>>>>>
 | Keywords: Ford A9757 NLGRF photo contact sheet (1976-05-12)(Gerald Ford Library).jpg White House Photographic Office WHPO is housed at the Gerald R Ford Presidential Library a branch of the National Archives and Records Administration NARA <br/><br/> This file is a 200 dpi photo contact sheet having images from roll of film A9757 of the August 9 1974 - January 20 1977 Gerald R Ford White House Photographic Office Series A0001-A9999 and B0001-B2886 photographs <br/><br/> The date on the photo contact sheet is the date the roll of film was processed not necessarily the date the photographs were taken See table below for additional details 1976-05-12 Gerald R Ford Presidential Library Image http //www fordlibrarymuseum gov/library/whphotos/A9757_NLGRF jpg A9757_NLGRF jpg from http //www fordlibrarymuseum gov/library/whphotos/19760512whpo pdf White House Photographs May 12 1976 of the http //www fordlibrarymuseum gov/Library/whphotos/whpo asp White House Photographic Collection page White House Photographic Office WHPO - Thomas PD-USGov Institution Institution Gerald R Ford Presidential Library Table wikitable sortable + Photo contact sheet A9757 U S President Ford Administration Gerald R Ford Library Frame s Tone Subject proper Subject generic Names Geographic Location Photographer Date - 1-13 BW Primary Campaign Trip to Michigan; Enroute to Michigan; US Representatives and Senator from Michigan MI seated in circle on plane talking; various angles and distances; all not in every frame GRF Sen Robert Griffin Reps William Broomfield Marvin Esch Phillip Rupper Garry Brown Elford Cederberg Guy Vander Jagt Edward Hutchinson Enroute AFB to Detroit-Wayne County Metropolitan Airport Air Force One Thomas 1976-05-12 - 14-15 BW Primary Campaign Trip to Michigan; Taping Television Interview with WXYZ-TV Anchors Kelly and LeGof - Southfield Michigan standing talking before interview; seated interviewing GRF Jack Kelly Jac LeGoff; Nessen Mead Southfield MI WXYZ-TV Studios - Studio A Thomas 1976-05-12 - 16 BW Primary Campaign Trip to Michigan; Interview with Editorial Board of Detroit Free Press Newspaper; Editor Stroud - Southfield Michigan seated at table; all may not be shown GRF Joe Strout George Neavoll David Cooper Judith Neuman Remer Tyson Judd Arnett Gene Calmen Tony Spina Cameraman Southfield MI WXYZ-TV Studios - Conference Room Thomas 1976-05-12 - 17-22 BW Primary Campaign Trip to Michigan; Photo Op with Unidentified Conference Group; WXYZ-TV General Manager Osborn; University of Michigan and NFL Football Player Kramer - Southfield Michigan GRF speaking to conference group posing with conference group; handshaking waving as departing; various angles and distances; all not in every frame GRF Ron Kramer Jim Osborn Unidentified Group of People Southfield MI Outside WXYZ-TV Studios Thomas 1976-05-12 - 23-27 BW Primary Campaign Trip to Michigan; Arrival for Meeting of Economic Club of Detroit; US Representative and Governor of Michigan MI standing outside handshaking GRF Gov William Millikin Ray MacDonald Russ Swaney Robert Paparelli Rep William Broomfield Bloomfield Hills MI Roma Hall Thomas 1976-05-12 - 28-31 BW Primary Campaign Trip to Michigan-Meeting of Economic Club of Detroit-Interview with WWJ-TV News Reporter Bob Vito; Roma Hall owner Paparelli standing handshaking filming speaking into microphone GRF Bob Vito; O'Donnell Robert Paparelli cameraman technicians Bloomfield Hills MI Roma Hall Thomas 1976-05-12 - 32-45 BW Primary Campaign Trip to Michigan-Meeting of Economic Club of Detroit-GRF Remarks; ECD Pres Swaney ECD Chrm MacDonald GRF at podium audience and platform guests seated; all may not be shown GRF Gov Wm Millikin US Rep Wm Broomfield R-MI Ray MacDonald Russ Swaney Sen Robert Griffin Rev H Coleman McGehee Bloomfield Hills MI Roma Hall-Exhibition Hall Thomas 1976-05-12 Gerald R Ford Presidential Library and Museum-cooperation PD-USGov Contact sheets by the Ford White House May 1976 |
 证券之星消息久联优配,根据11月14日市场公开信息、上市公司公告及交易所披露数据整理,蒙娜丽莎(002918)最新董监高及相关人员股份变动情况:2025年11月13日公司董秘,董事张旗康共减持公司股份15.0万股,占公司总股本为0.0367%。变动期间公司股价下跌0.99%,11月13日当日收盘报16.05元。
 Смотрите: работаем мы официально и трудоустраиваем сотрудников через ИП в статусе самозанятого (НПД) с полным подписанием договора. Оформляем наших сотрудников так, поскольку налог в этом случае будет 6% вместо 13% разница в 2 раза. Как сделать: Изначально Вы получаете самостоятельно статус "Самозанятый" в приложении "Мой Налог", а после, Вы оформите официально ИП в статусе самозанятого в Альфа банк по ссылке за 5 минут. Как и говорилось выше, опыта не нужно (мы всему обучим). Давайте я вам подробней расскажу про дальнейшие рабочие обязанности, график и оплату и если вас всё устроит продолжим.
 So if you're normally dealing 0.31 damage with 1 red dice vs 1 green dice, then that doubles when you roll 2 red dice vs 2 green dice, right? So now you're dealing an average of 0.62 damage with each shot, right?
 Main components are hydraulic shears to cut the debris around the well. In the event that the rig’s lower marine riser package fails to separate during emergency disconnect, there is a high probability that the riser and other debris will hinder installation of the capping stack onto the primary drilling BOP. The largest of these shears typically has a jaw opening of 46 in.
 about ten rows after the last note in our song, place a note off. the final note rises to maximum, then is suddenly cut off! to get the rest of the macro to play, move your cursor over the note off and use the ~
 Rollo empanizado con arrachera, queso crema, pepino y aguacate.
<<<<<
What to do
The word "then" is the filter: copy every line of the listing above that contains it.

Task solution
 So if you're normally dealing 0.31 damage with 1 red dice vs 1 green dice, then that doubles when you roll 2 red dice vs 2 green dice, right? So now you're dealing an average of 0.62 damage with each shot, right?
 about ten rows after the last note in our song, place a note off. the final note rises to maximum, then is suddenly cut off! to get the rest of the macro to play, move your cursor over the note off and use the ~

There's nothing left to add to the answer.